Your Beautiful Lies It’s 1984 and British families and communities are being torn apart by a miners’ strike. While miners clash with the police and tensions grow between the government and the mining unions, in the small Yorkshire town of Matlow Annie Howarth is facing trouble of a different kind. Her former boyfriend, Tom Greenaway, has just been released from prison after serving a ten-year sentence for manslaughter. Meeting Tom again after such a long separation, Annie finds that she still has feelings for him – and that she’s not at all convinced he was guilty of the crime of which he was accused.

A lot of things have changed during those years apart, though. Annie is now married to police chief William Howarth and they have a young daughter, Lizzie. Leaving William for Tom could mean losing Lizzie, as well as the expensive house and comfortable lifestyle William’s salary provides. When a woman is murdered on the moors near the Howarths’ home, suspicion falls on Tom again and this time Annie must try to separate the truth from the ‘beautiful lies’.

This is the third Louise Douglas novel I’ve read and while I didn’t love it as much as The Secrets Between Us or In Her Shadow, I still enjoyed it. The backdrop of the miners’ strike is not a setting that I’ve seen used in fiction very often and yet it was a hugely important time in British history from both a social and political perspective. By making Annie’s husband a policeman and her father a miner, the author shows how loyalties were divided not just within towns and villages but within families too.

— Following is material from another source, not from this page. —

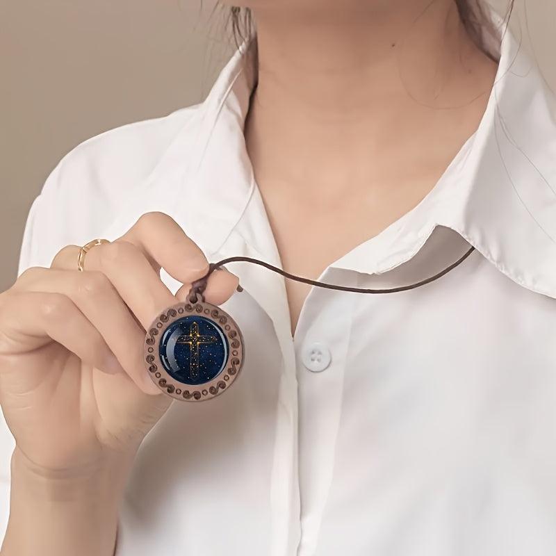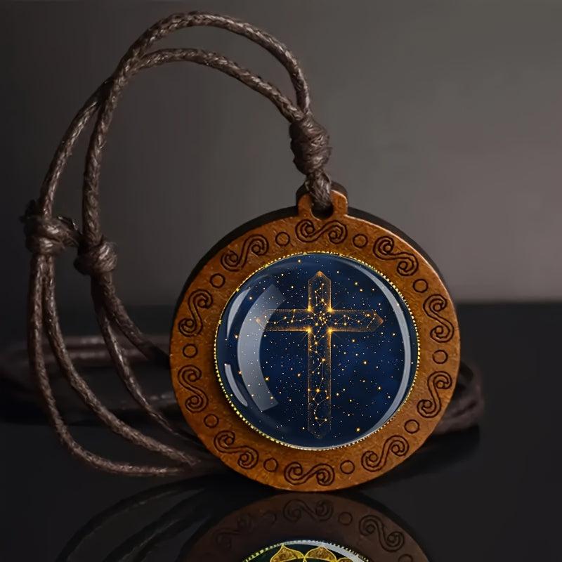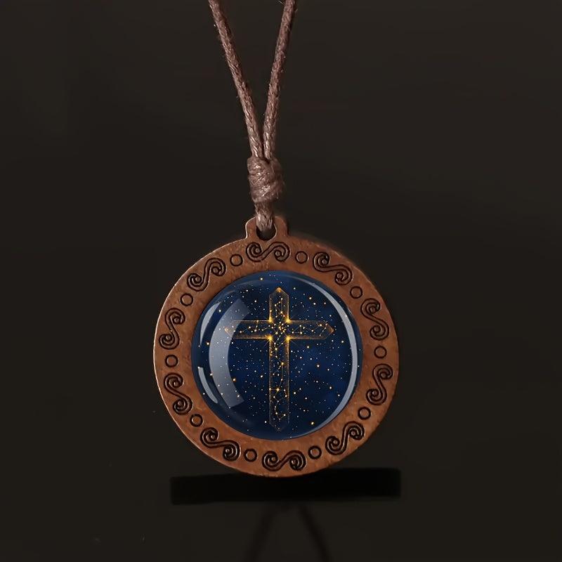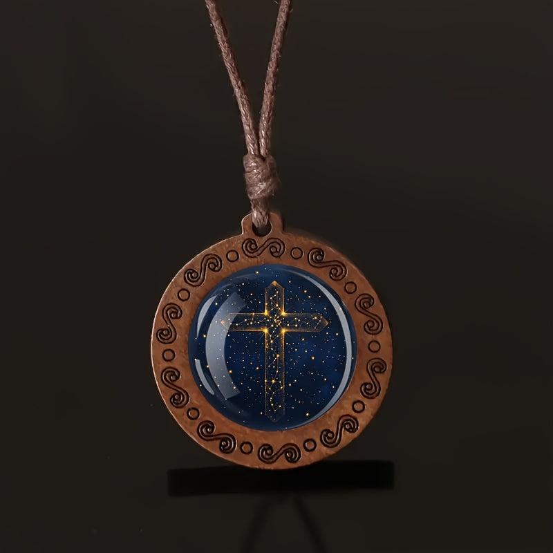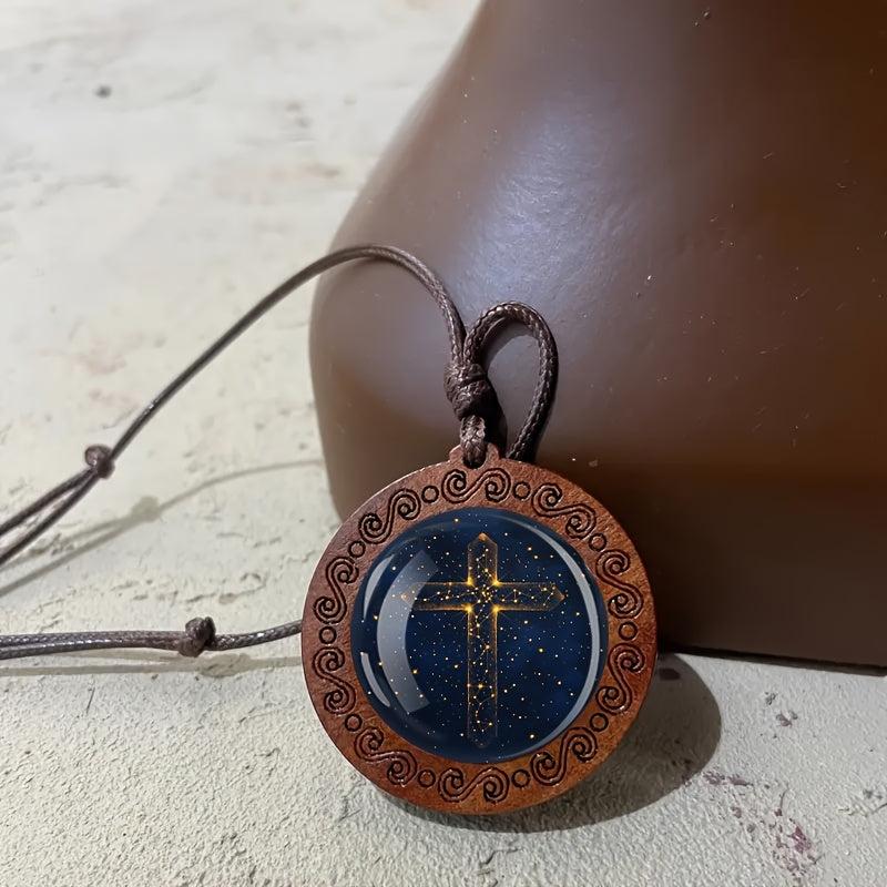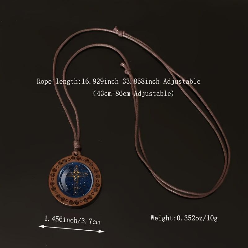 This boho-inspired necklace features a starry night cross pendant on an adjustable rope, offering a vintage wooden jewelry look. Perfect for daily wear and festive gifting.
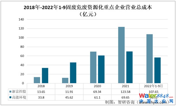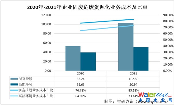 從營業(yè)成本來看,自2020年以來兩家企業(yè)固廢危廢資源化的營業(yè)成本也呈現(xiàn)出逐年上升的趨勢,2021年,浙富控股和高能環(huán)境的固廢危廢資源化營業(yè)成本分別為102.8和50.94億元,占總成本比重為83.18%和73.14%。

The story also has a strong mystery element, with the police investigating the murder on the moors and the question of who Annie can and can’t trust, but this is where I thought the book was less successful in comparison with The Secrets Between Us and In Her Shadow. It’s a very atmospheric novel (the bleakness and claustrophobia of Annie’s life is perfectly portrayed) but I found it less suspenseful than the previous two books and had my suspicions as to the likely identity of the murderer long before the answer was revealed. The ending was not entirely surprising, but very abrupt and not entirely satisfying either!

I didn’t like Annie very much – it seemed to me that she was being unnecessarily reckless and irresponsible – but I did think Douglas did a good job of depicting the boredom and loneliness of her daily existence and the reasons why her marriage to William was not a happy one. Because we see everything through Annie’s eyes, however, we can never be sure that we’re getting a fair and balanced picture of either of the men in her life. I think the only characters I did actually like were Annie’s brother, Johnnie, who remains cheerful and optimistic despite having some terrible things happen to him over the course of the novel, and William’s mother, Ethel, struggling with dementia but still aware that something isn’t quite right in the Howarth household.

I’ve been very impressed with all three of the Louise Douglas books that I’ve read, despite the few problems I had with this one. They are difficult to classify as belonging to a particular genre, being a mixture of crime, romance, suspense and domestic drama, but it’s a mixture that I love and that’s why I’m already looking forward to her next book, whatever that may be!

I received a copy of this book for review via NetGalley.

9 thoughts on “Your Beautiful Lies by Louise Douglas

  1. realthog says:

    Sounds as if I might find it interesting despite the reservations you mention; I may well give it a try.

    A mystery novel/psychological thriller that I enjoyed a great deal that’s centred on the miners’ strike is Val McDermid’s A Darker Domain (2008).

  2. Lark says:

    I’ll have to give this author a try, but I think I might start with The Secrets Between Us or In Her Shadows because it sounds like they were better books than this one.